(Activity) Quote exactly and only this range of lines in the data below: the line that holds "騎馬S/弓Sの適正を持ち、敵" to the line that holds "花邊短袖套頭雪紡衫 [上衣] #1-天藍色 #2-...", both included.

(Available data)
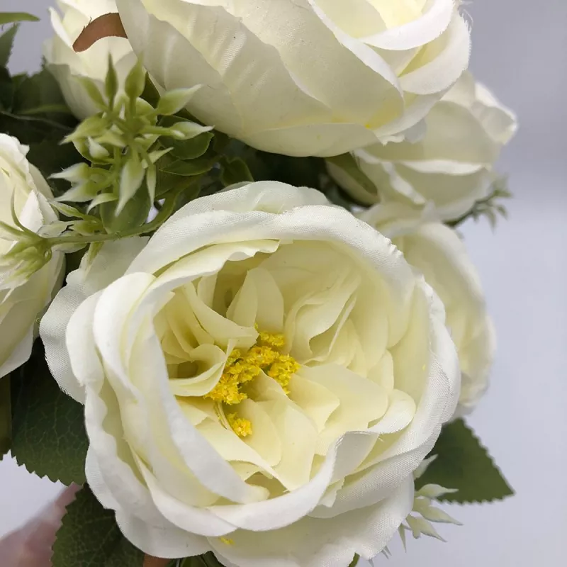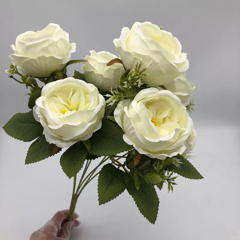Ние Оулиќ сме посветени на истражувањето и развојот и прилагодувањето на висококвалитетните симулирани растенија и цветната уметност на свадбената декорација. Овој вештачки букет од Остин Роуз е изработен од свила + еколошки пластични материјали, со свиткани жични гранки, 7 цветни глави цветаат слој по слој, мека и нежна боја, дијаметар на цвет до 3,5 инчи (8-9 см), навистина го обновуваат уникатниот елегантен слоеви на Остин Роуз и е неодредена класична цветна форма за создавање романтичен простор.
* * *
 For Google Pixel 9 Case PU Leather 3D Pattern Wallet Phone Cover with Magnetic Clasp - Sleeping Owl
---
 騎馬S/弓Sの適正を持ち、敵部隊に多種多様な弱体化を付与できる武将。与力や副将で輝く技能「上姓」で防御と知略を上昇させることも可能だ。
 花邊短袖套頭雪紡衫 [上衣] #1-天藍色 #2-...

(Answer to the exercise)
 騎馬S/弓Sの適正を持ち、敵部隊に多種多様な弱体化を付与できる武将。与力や副将で輝く技能「上姓」で防御と知略を上昇させることも可能だ。
 花邊短袖套頭雪紡衫 [上衣] #1-天藍色 #2-...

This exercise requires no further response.